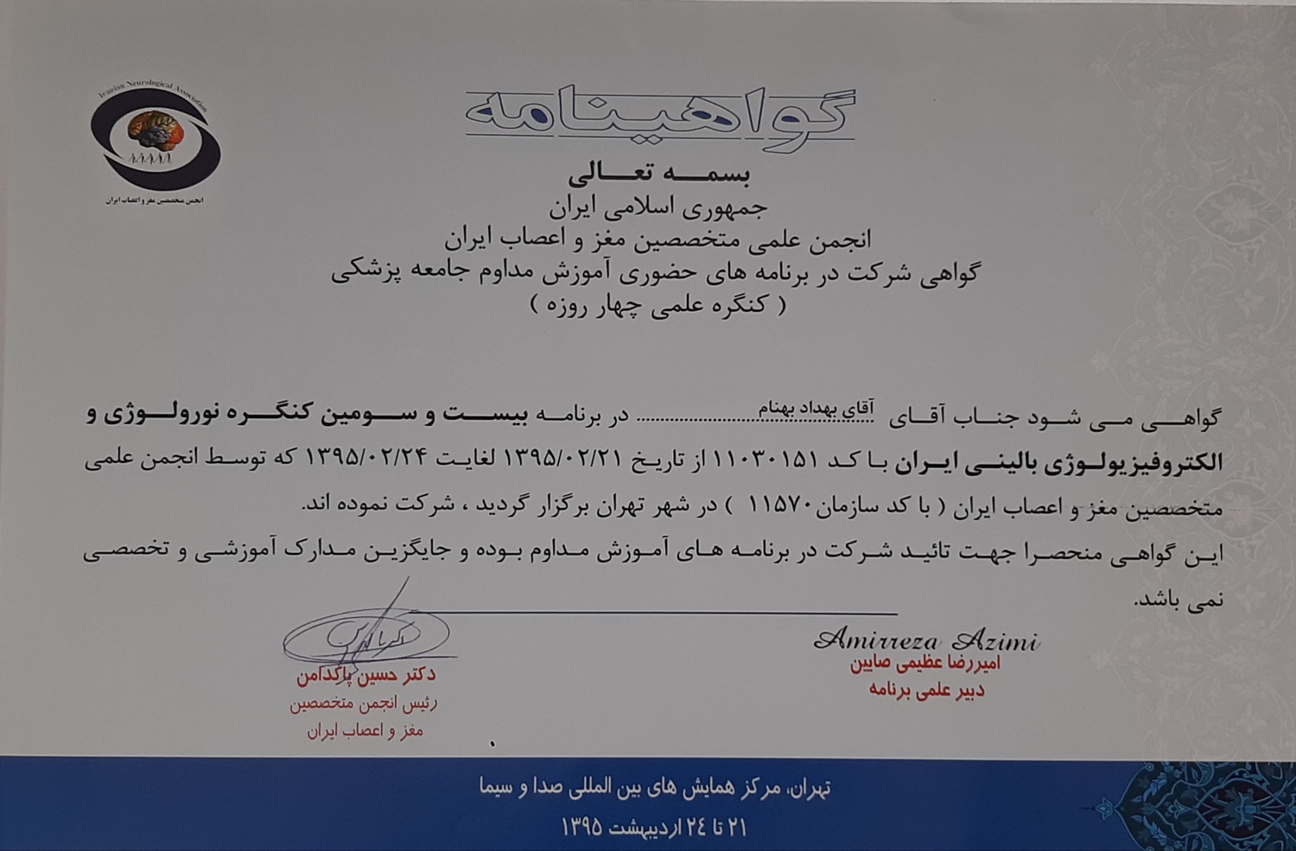 بیست و سومین کنگره نورولوژی و الکتروفیزیولوژی ایران (سال ۱۳۹۵)
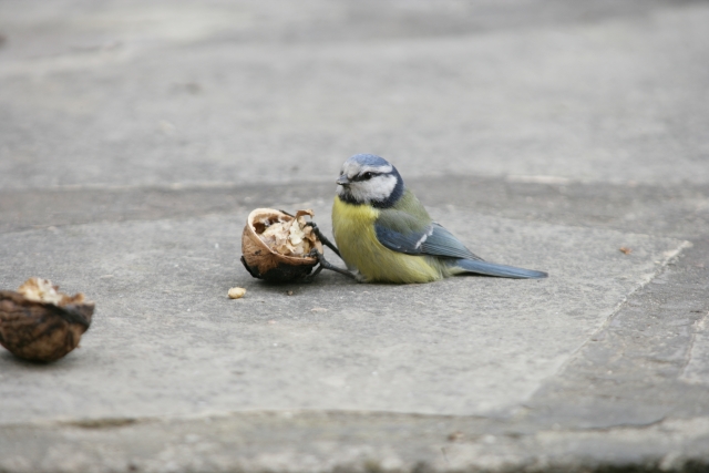auf der Terrasse krallt Walnuss mit beiden Füssen, von der Seite -
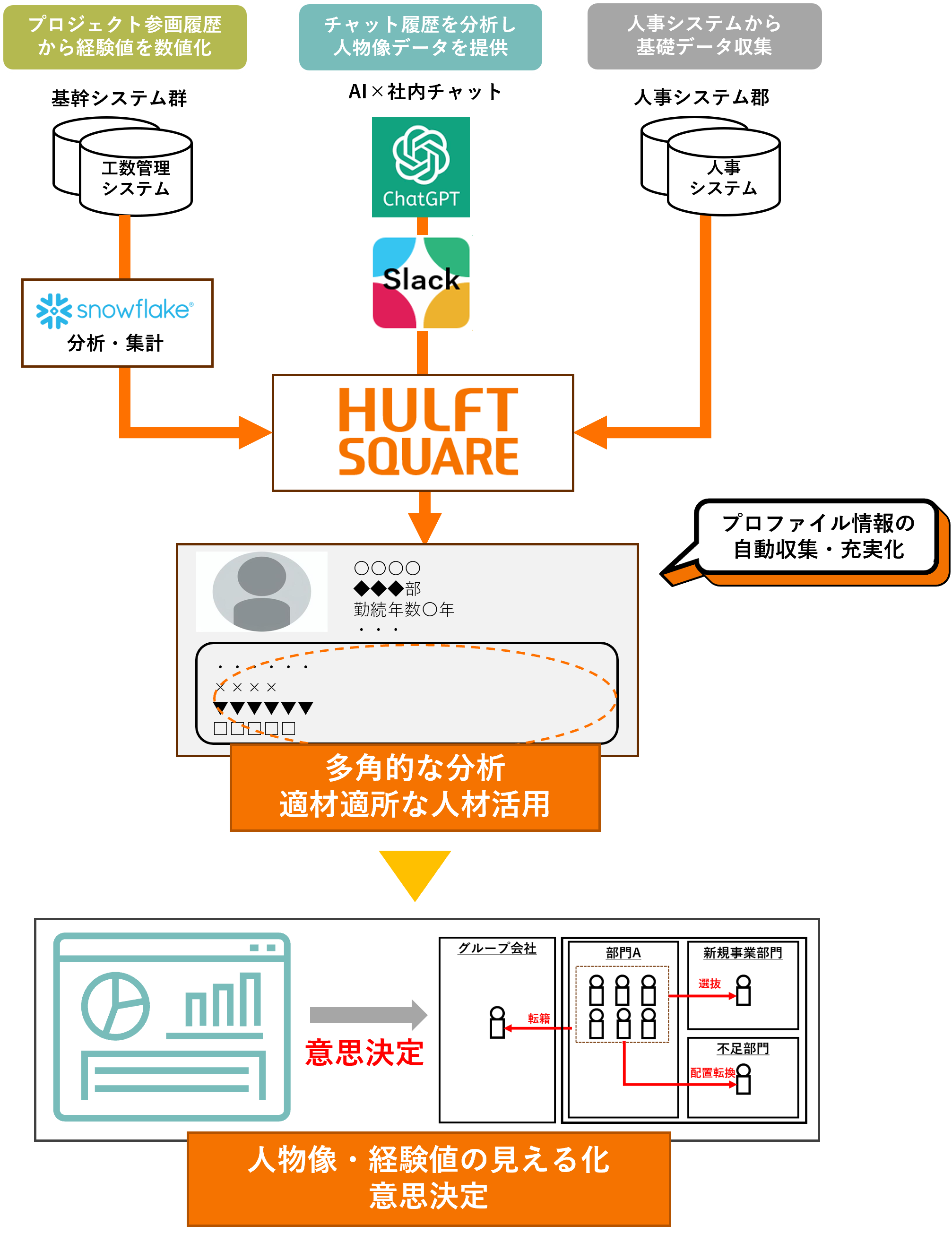 クラウド型データ連携プラットフォームのHULFT Squareを活用すれば、「チャット履歴×プロジェクト参画履歴」のデータ活用が可能です。
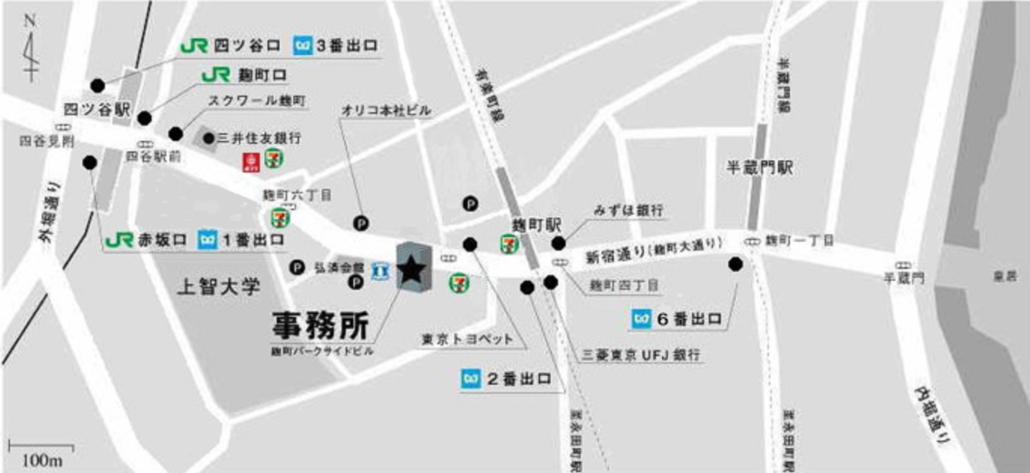 ⇒皇居の方向に、大人の足なら徒歩7分~8分。 麹町大通り(新宿通り)南側の歩道を歩いていただき、弘済会館(現在工事中で駐車場も閉鎖中です。)を経て、ローソン麹町5丁目店を過ぎ、次の麹町大通りに面したビルです。住友不動産のビルではありませんのでご注意ください。
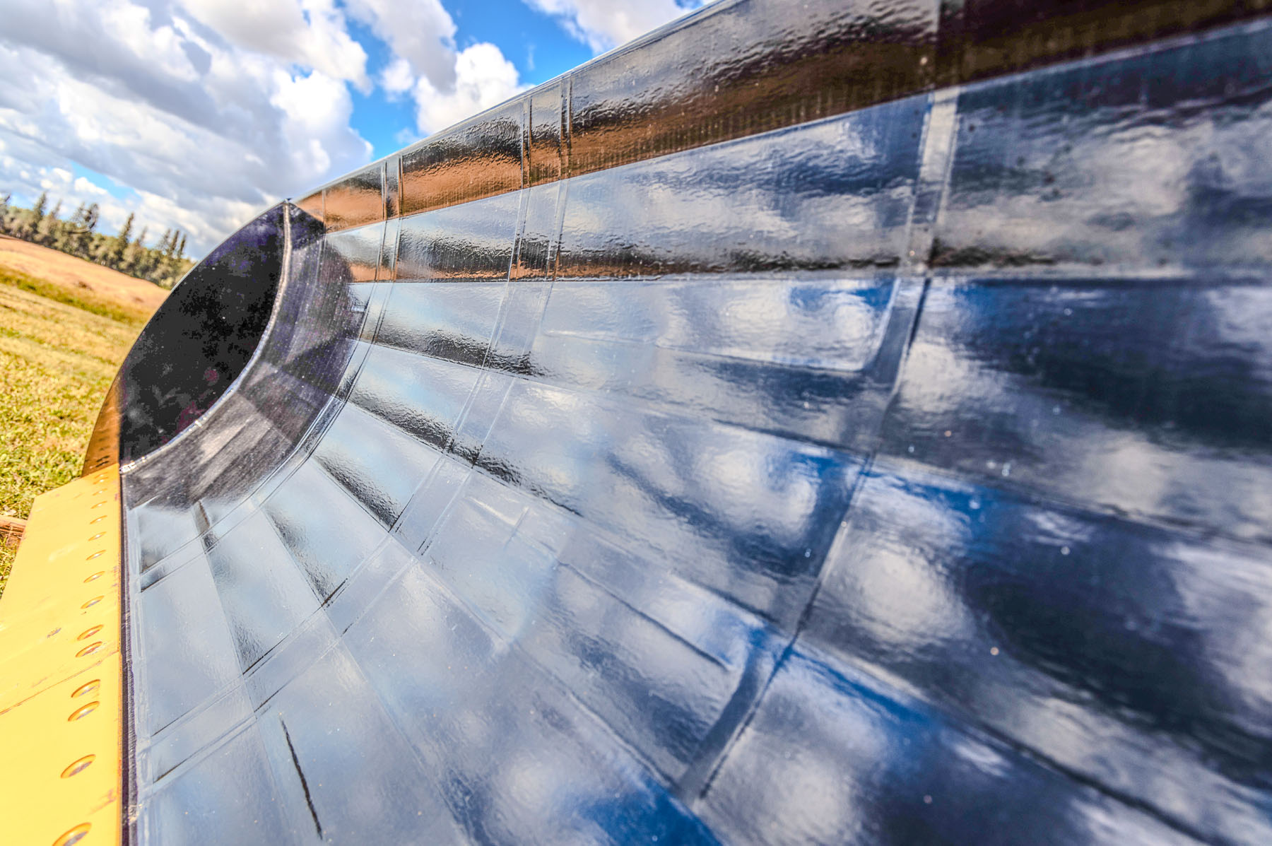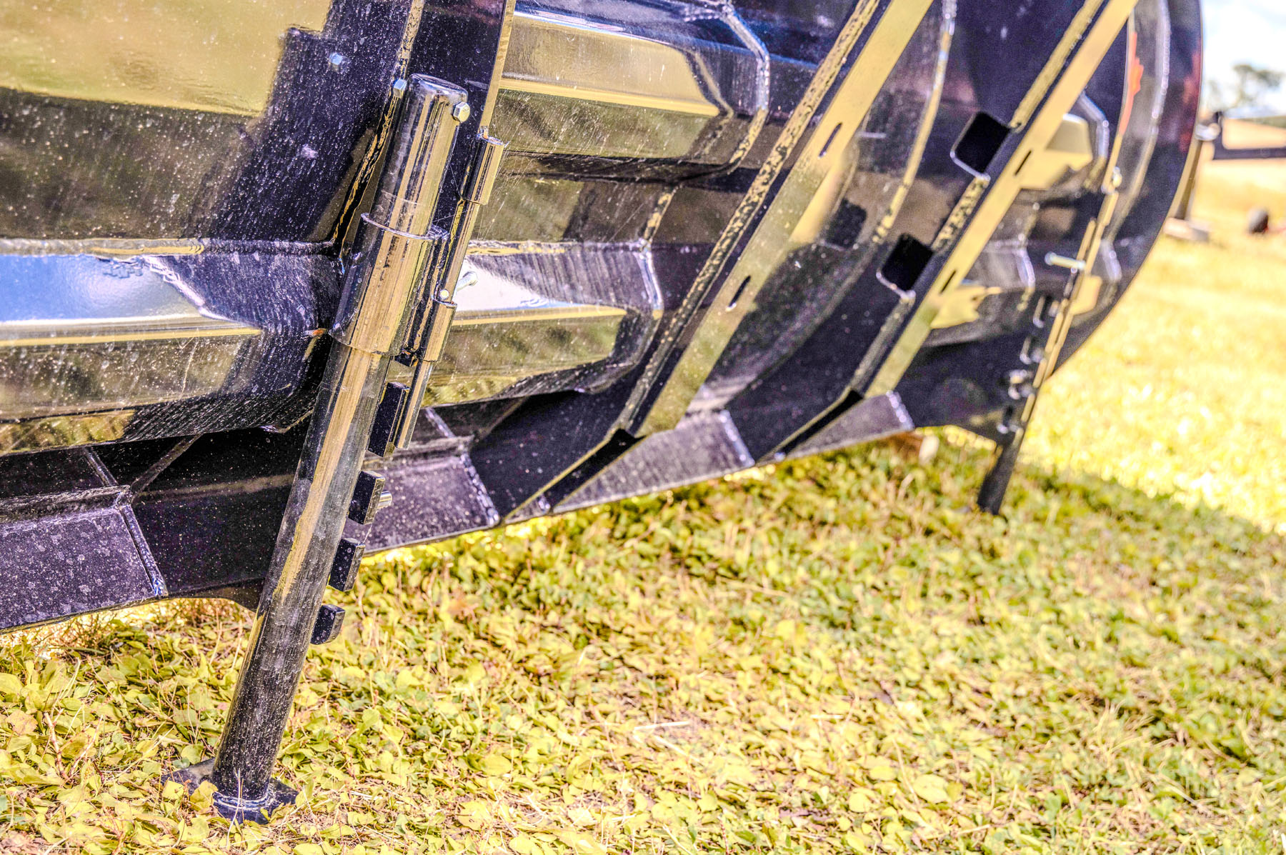 The blade ends are capped to help reduce material spillage during operation, improving control and making the work process cleaner.

Task description :: Please set down only the lines from the one containing "クラウド型データ連携プラット" through the end of the entries, exactly as they stand, both ends included and with no pictures.

Exercise response ::
 クラウド型データ連携プラットフォームのHULFT Squareを活用すれば、「チャット履歴×プロジェクト参画履歴」のデータ活用が可能です。
 ⇒皇居の方向に、大人の足なら徒歩7分~8分。 麹町大通り(新宿通り)南側の歩道を歩いていただき、弘済会館(現在工事中で駐車場も閉鎖中です。)を経て、ローソン麹町5丁目店を過ぎ、次の麹町大通りに面したビルです。住友不動産のビルではありませんのでご注意ください。
 The blade ends are capped to help reduce material spillage during operation, improving control and making the work process cleaner.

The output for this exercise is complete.